My first thought was a pen wizard spiral blank on a rinehart kit.


----------



## gr8danish (Oct 8, 2010)

It's too bad that he specifically wants wood. It would be UBER slick to cast either one big screw that has the center drilled out down the center in PR, or cast a bunch of tiny screws. Either way, it would give you the right appearance without sacrificing fit or finish.


----------



## ed4copies (Oct 8, 2010)

You can buy threaded dowels in several species.

I have walnut and maple in the shop.

Will try to search and find you a source.


----------



## ed4copies (Oct 8, 2010)

http://www.highlandwoodworking.com/manualwoodthreader128tpi.aspx

Here's the "tool" solution, Cherry Tree used to have half inch, now looks like they only show 3/4 and 3/8.

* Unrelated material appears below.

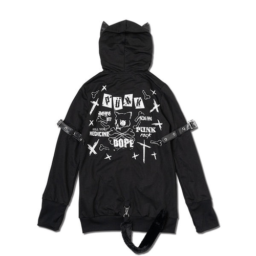 Goth Emo Harajuku-style black cat ear zip hoodie

An extensive search should find some premade--even look at your local big box lumber place.


----------



## PenMan1 (Oct 8, 2010)

Why not just turn the barrel down almost to size, then run the right sized die over the wood to make the threads? The Rhineharts even have a hex head that would help with the look.


----------



## bradh (Oct 8, 2010)

The wood can be threaded, see the pictures. This is a commissioned pen made to look like a valve and seat. The top is threaded. The material is all maple with the valve parts painted to look like stainless. the tapping was difficult, I had to keep stopping and soaking the wood in CA to keep the wood from breaking up.


----------



## Dudley Young (Oct 8, 2010)

The big question here is does he want a screw or a bold. There is a difference in the thread. Most threads on wood are acme threads. Using a die would be a machine thread. ???????


----------



## renowb (Oct 8, 2010)

Maybe find someone with a pen wizard...


----------



## aggromere (Oct 8, 2010)

Not sure if it is helpful but, Beall tool has a wood threading device designed to make large wooden bolts.  They have a video of it on their website i think.  It is probably really expensive.  I bet if you check around some craft stores or on the internet you might be able to find a giant wooden screw that you could convert to a pen.


----------



## Len Shreck (Oct 9, 2010)

Thank you all for the ideas. robutacion I would be interested in hearing your ideas on how to make the threads. The gentlemen that is asking if I am able to do this said when he called that the guy he wants to give this to may want several more if he likes the way they turn out so I may end up having to figure out some way of doing it that I can reproduce them, I know 2 pens are never exactly the same but I may need to get as close as I can. The main thing I am worried about is my skill level is not the highest but if I am able to do this I think it will get better :biggrin: I have been trying to think of ways to do it that wont cost me any extra money for special stuff as money is tight for us but I figured if anyone would be able to give me ideas it would be the great people on here.
 mredburn I thought of that but I dont have a triangular file small enough to do that.
bruce119 that is some really good ideas if I am able to do any of that I will def give kudos to you for the idea. Thanks again all. Len


----------



## Len Shreck (Oct 9, 2010)

Not sure if it is helpful but, Beall tool has a wood threading device designed to make large wooden bolts. They have a video of it on their website i think. It is probably really expensive. I bet if you check around some craft stores or on the internet you might be able to find a giant wooden screw that you could convert to a pen. 
    I will check around and see if I can find any.


----------



## Len Shreck (Oct 9, 2010)

penhead said:


> Don't know if this would work for what you need, but might be an excuse to buy a new tool...add the price of tool to what you charge for pen, and then make blanks for sale..???
> http://www.bealltool.com/products/threading/threader.php



I just watched both videos on this and I will be asking the wife if there is any way we can afford to get it that is exactly what I need, I think the 1/2" would be almost perfect. Thanks you for the link others mentioned it but I like having the link added it made it a lot easier to check out. Len


----------



## Christian (Oct 9, 2010)

Len Shreck said:


> penhead said:
> 
> 
> > Don't know if this would work for what you need, but might be an excuse to buy a new tool...add the price of tool to what you charge for pen, and then make blanks for sale..???
> ...



Len, you are aware that this only cuts internal threads?  I would have thought you require an external cutter?

Chris


----------



## workinforwood (Oct 9, 2010)

A premade wooden threaded dowel would be ideal, except that it is not really a screw, it's a bolt.  A screw tapers, a bolt is straight.  You don't just use a die to make a screw.  You can't just knock out screw threads on a metal lathe either.  This is why they make screw machines!  Maybe if you kick the tail stock out and spin a taper rod you can make a screw, otherwise you need a taper attachment for your lathe screw...and those are not cheap.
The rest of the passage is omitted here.